Like Australia, New Zealand relies on Asian refiners for the provision of fuel. These Singaporean and South Korean refiners, meanwhile, rely on oil supplies from the Middle East, which have, of course, been effectively strangled by Iran.

New Zealanders will be hoping for some good news in the first half of the week as Iran faces a deadline from the U.S. to reopen the Strait.

Our suspicion is that Iran won't comply, but will do enough to prompt President Donald Trump to extend the deadline. We think this only prolongs the troubles and adds to NZD weakness.

So in a three-way scenario analysis, two outcomes are NZD-negative, which is a handy way of plotting GBP/NZD's path.

Don't forget that tonight the RBNZ delivers its latest policy update.

The market does not expect any change in the cash rate at this meeting. Following on from Governor Breman's speech last week, the RBNZ's communication is likely to reaffirm the Bank's reluctance to respond impulsively to the Middle East conflict.

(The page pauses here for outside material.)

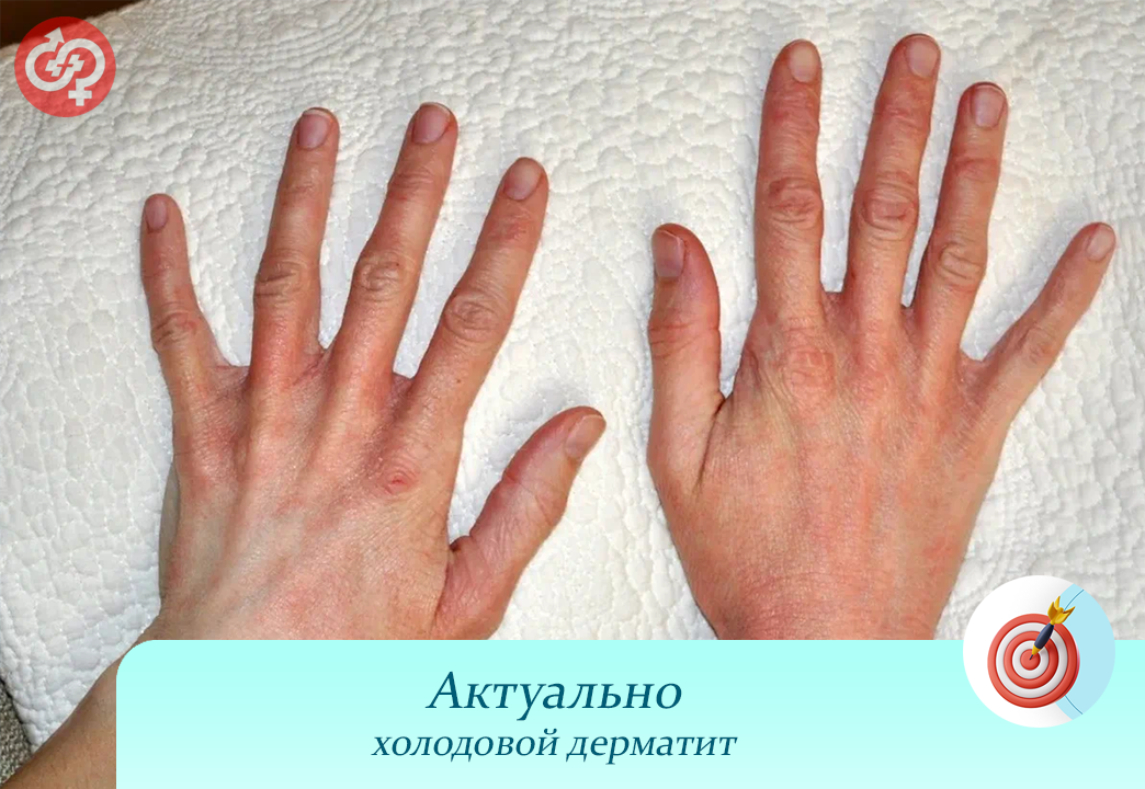На фоне сильных морозов у человека может развиться так называемый «холодовой дерматит» - это воспаление кожи, развивающееся в ответ на воздействие низких температур. Он проявляется возникновением красных пятен, сопровождающихся зудом и чувством жжения. В дальнейшем появляется шелушение, возможно образование трещин и мелкой сыпи. Типичная локализация - открытые участки кожи: лицо, шея, ушные раковины, кисти рук; несколько реже - колени и внутренняя поверхность бедра. Иногда этот дерматит сопровождается чиханием, водянистыми выделениями из носа (холодовой ринит) и слезотечением (холодовой конъюнктивит).

The Reserve Bank will indicate the economy is still operating below capacity.

"This should challenge the market's pricing of more than 75bps of hikes this year," says a note from TD Securities.

The rule of thumb is that this would amount to a 'dovish' interpretation of the RBNZ's guidance, which would typically result in NZD weakness.

However, TD Securities says it will scan the Minutes for any signs the RBNZ may consider shifting its stance in favour of bringing forward hikes earlier. That would amount to a 'hawkish' outcome that would prompt the NZD to rally.